:: WHAT THE TASK REQUIRES ::
From the entries below, print exactly the span beginning with the line holding "Dit keer besluiten" and ending with the line holding "Pentru ea: Gel", endpoints included, and skip any pictures.

Items from a dataset:
────

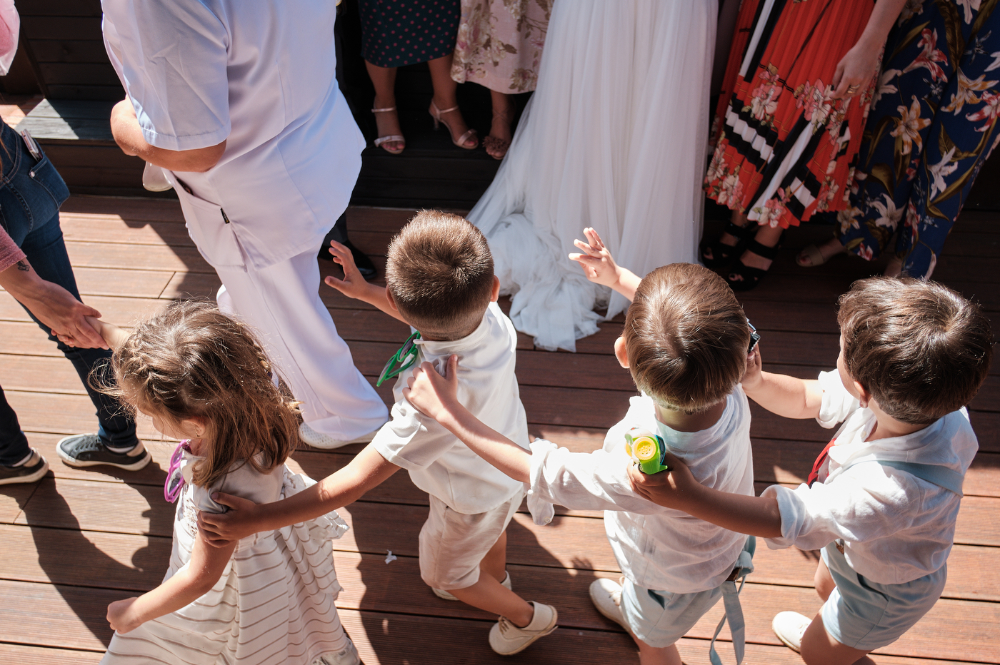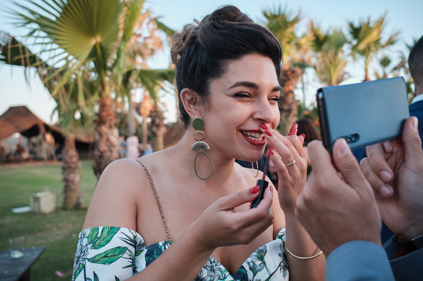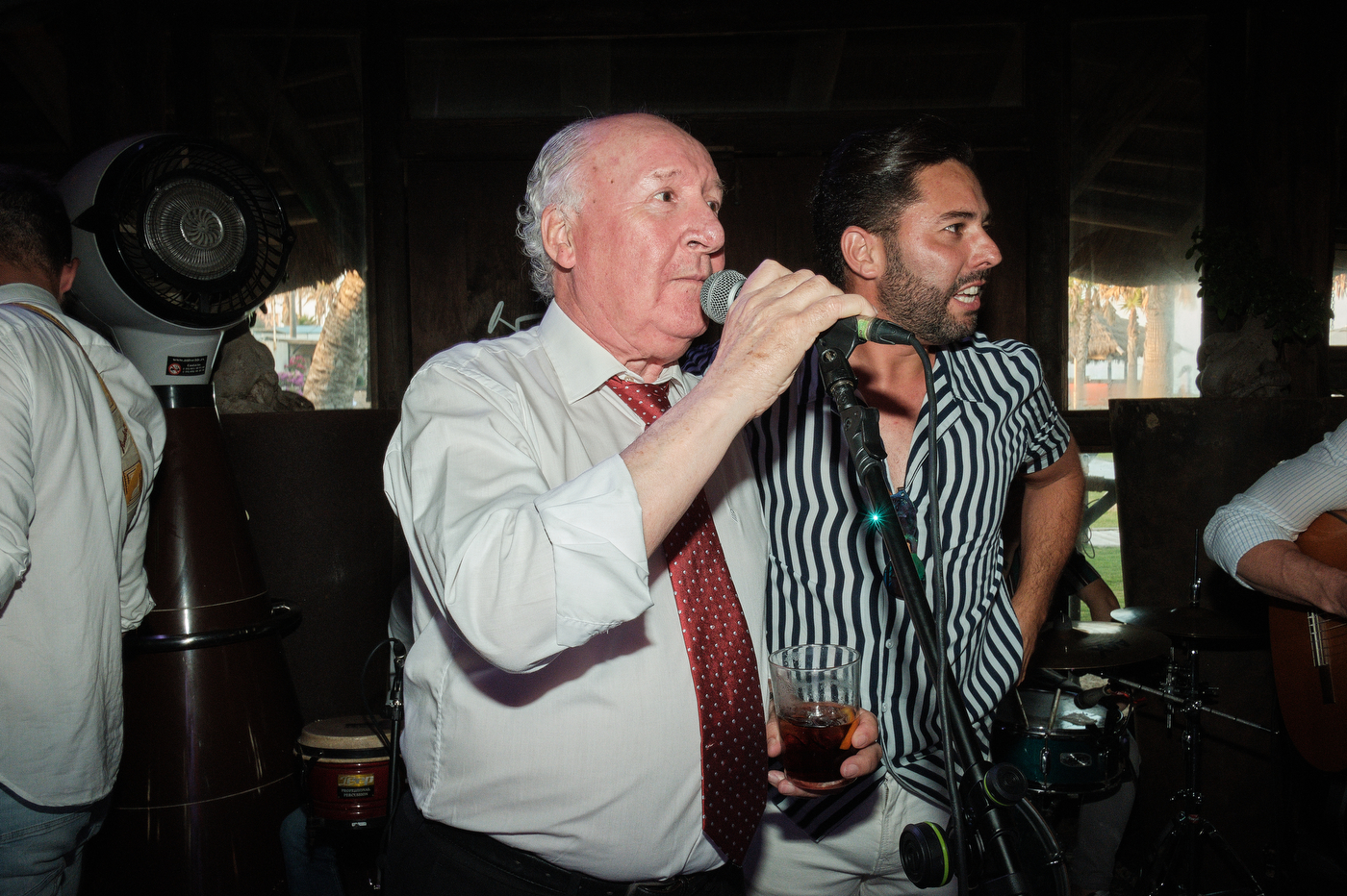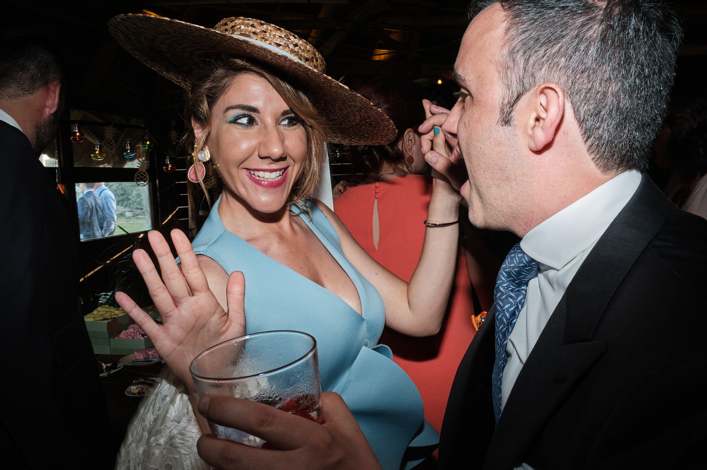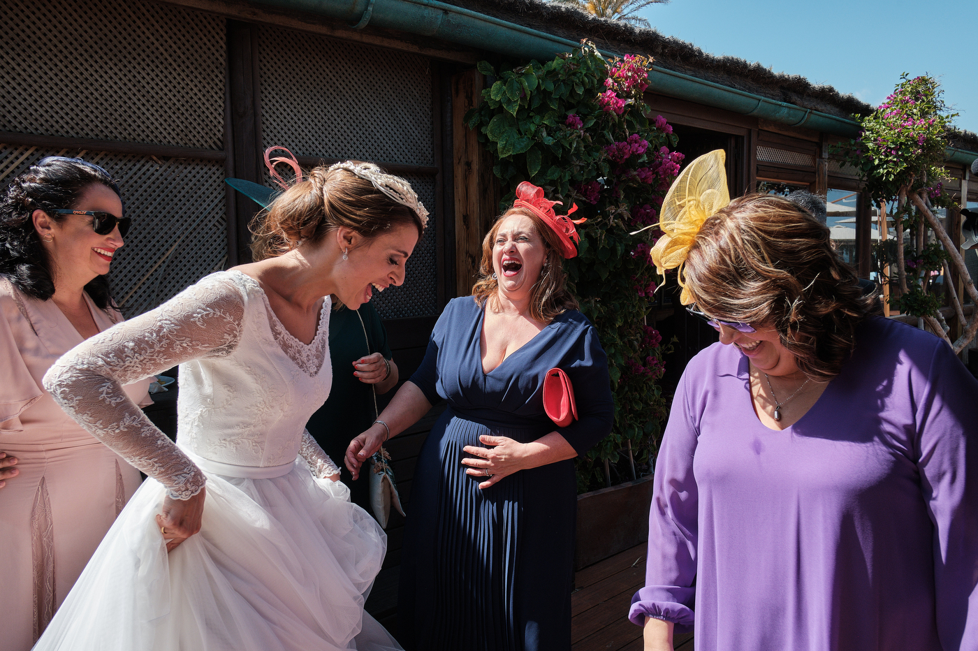 Una carpa enorme y bien instalada a tan solo unos pocos metros de la orilla del mar dio sombra a los numerosos invitados durante la comida. Al finalizar ésta todas se dirigieron a otro recinto y dio comienzo la fiesta que duró hasta altas horas de la madrugada.
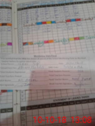 | Attendance Register | Head Teacher | MEA with School | Visit Proof |
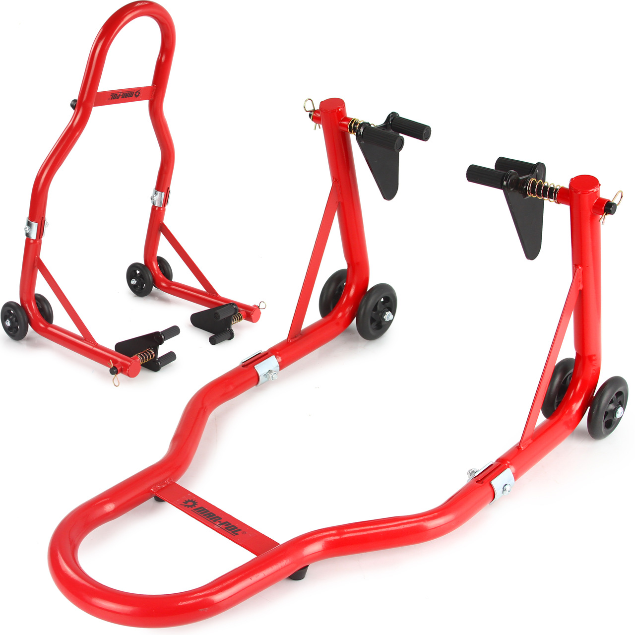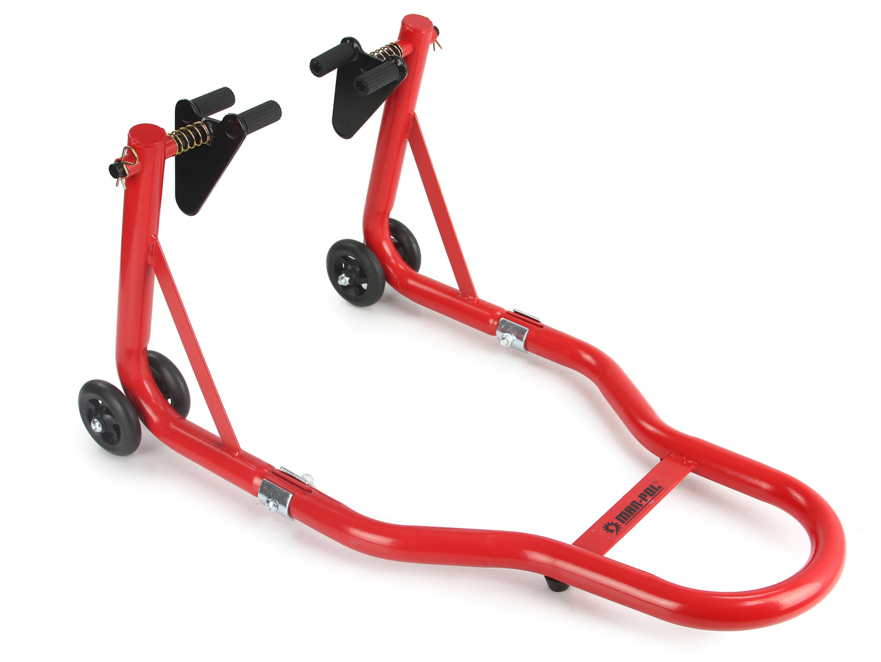 Robustní motocyklový stojan MAR-POL M80176 s nosností 280 kg, vyrobený z ocelových trubek o průměru 32 mm, je ideální pro zvedání přední části motocyklu během servisu, čištění nebo zazimování.
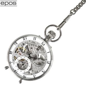 エポス epos 懐中時計 2003GP-N 裏スケルトン ローマン数字 ポケットウォッチ 手巻き シースルー チェーン付 新品 送料無料
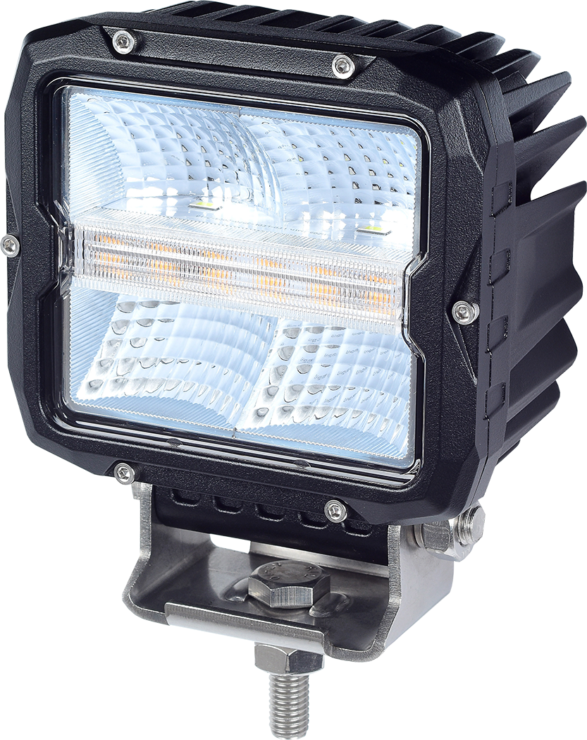 High-quality aluminium housing, 4 pcs. White light LED's 60 W 5000 lumen, 6 pcs. orange light LED's 9W R65-certified 200 lumen, position light white 2W R148-certified 50 lumen, 12 to 24 V,
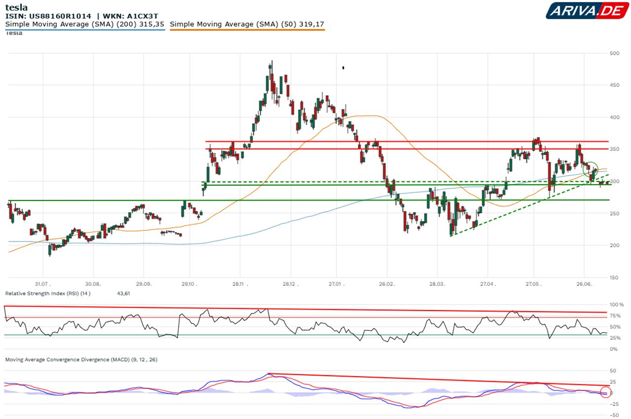 Aus technischer Perspektive sorgte vor wenigen Tagen ein Golden Cross für ein Kaufsignal. Ein solches entsteht, wenn die 50-Tage-Linie von unten her kommend über die 200-Tage-Linie steigt. In genau der Überschneidungszone ist die Tesla-Aktie aber auf einen kurzfristigen Widerstand getroffen und muss nun um den Verbleib oberhalb der Marke von 300 US-Dollar kämpfen.
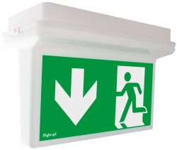 Prymat luminaire is supposed to indicate emergency escape routes and emergency exits with suitable pictograms. Additionally, the luminaire with fluorescent lamp can be used as illuminating fixture. Prymat can be adopted in public facilities or in workplaces and it is compatible with all emergency lighting systems offered by Hybryd.
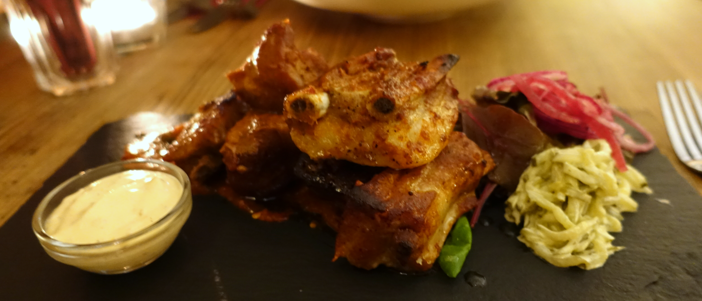 Dit keer besluiten we niet om enkel voor het hoofdgerecht te gaan, maar ook voor een voorgerecht. We beginnen met een biersalade voor Tamara en ribs gegaard in bier voor mij.
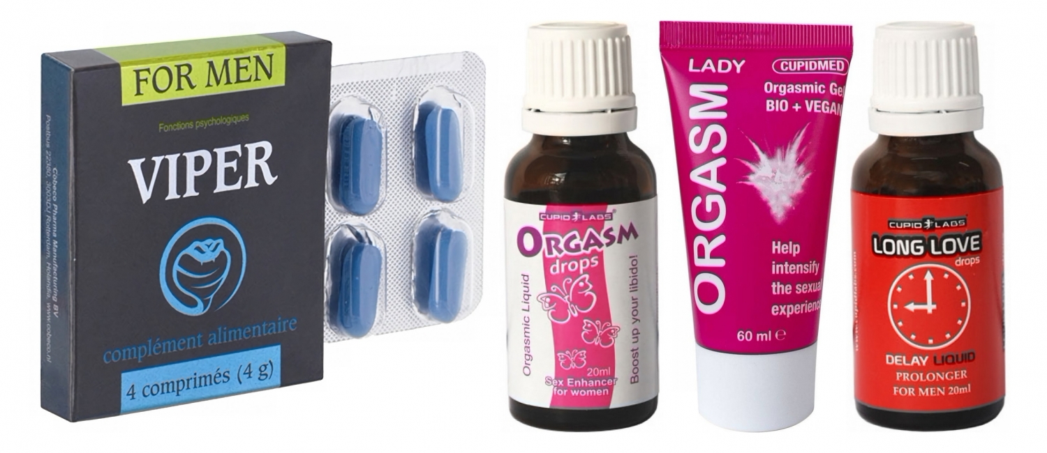 Pentru ea: Gel Plăcere sexuală maximă Lady 60 ml (Cupid Labs) — textură plăcută, hipoalergenic, fără parfum; aplicat pe zonele sensibile creează o senzație de încălzire și furnicături care amplifică excitarea. Picăturile Exuberant Drops 20 ml (Cupid Labs) sunt un afrodiziac oral pe bază de vegetale și vitamine; administrate cu aproape 30 de minute înainte, sporesc dorința și robustețea senzațiilor. Folosirea lor în tandem în timpul preludiului extinde receptivitatea și face atingerea mai electrizantă.
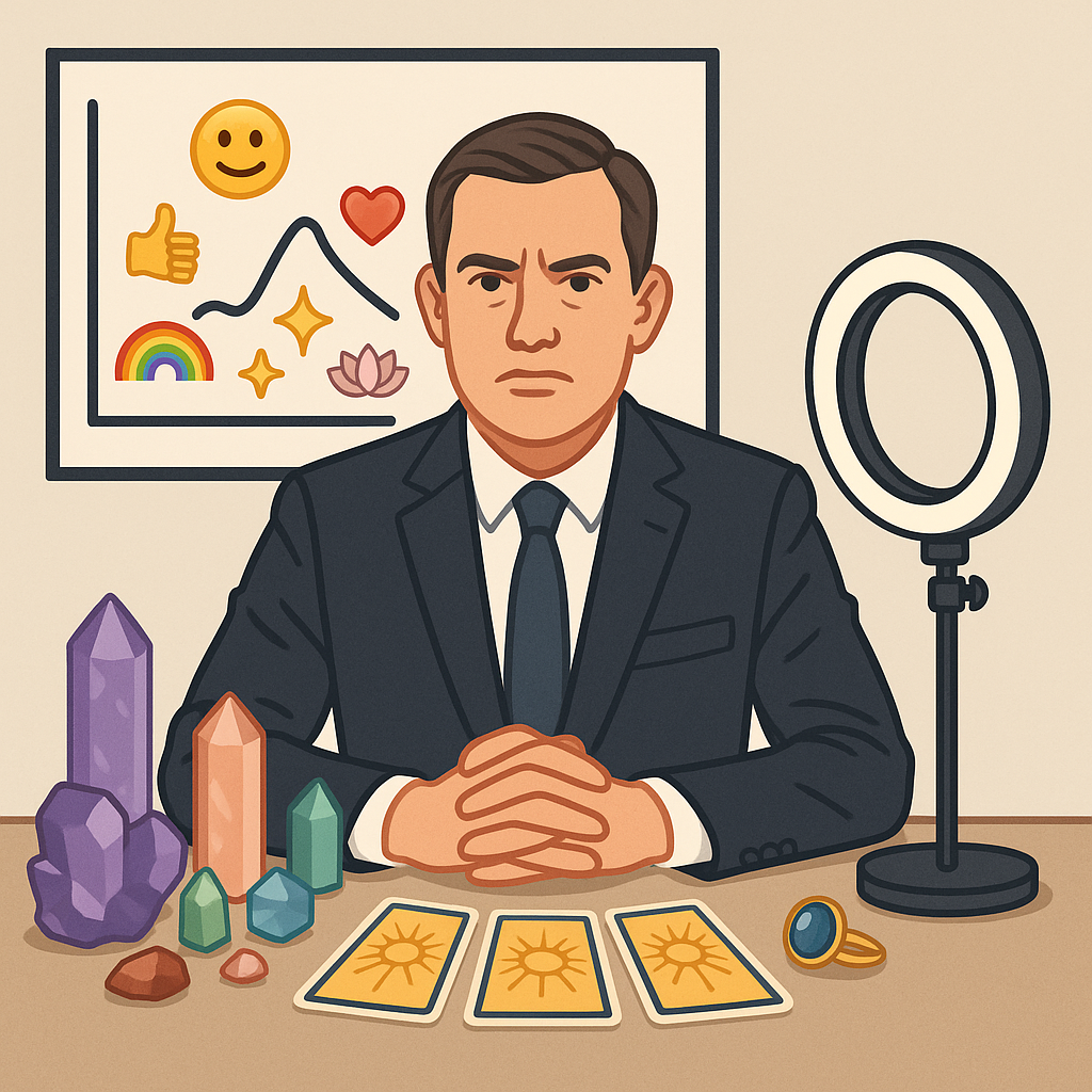 He then stepped away from the podium, lit a sage bundle, and rang a small brass bell to signal that the press conference — and possibly the era of rational markets — had officially ended.

────

:: WRITTEN ANSWER ::
 Dit keer besluiten we niet om enkel voor het hoofdgerecht te gaan, maar ook voor een voorgerecht. We beginnen met een biersalade voor Tamara en ribs gegaard in bier voor mij.
 Pentru ea: Gel Plăcere sexuală maximă Lady 60 ml (Cupid Labs) — textură plăcută, hipoalergenic, fără parfum; aplicat pe zonele sensibile creează o senzație de încălzire și furnicături care amplifică excitarea. Picăturile Exuberant Drops 20 ml (Cupid Labs) sunt un afrodiziac oral pe bază de vegetale și vitamine; administrate cu aproape 30 de minute înainte, sporesc dorința și robustețea senzațiilor. Folosirea lor în tandem în timpul preludiului extinde receptivitatea și face atingerea mai electrizantă.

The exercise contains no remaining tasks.